┌────────
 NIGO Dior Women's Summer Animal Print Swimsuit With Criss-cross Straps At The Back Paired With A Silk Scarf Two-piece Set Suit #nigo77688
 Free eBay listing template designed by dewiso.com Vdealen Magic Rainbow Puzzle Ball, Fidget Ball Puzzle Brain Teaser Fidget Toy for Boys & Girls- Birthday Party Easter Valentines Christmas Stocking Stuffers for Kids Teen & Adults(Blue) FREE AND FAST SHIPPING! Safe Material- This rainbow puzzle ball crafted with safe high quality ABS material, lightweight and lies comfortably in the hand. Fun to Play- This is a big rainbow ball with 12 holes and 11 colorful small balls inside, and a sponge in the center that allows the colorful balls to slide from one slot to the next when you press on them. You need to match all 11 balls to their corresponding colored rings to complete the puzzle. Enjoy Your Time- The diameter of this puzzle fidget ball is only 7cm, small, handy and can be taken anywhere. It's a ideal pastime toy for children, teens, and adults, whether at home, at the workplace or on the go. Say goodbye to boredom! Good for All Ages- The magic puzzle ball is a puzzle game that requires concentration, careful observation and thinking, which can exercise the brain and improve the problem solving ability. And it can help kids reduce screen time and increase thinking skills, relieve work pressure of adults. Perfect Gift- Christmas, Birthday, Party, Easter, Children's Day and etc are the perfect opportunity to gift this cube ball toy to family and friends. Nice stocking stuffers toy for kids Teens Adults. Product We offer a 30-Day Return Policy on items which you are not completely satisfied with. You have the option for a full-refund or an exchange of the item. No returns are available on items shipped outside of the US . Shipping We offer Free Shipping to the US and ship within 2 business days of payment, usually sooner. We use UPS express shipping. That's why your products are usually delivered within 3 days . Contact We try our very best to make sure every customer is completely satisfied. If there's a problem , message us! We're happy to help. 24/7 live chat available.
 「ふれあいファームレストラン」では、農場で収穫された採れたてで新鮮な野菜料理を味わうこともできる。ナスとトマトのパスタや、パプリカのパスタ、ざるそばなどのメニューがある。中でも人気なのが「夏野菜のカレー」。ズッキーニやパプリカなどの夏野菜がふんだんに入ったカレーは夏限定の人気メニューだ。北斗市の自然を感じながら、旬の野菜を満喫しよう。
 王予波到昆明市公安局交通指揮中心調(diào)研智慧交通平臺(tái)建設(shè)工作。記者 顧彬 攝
└────────
┌────────
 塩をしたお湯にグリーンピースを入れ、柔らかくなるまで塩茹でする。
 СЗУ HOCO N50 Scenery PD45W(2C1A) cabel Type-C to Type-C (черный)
└────────
- **What the task requires**: Above are the entries. Output exactly the lines beginning with the line that has "塩をしたお湯にグリーンピースを入れ、柔らかくなるまで塩茹でする。" and ending with the line that has "СЗУ HOCO N50".

- **Your solution**:
 塩をしたお湯にグリーンピースを入れ、柔らかくなるまで塩茹でする。
 СЗУ HOCO N50 Scenery PD45W(2C1A) cabel Type-C to Type-C (черный)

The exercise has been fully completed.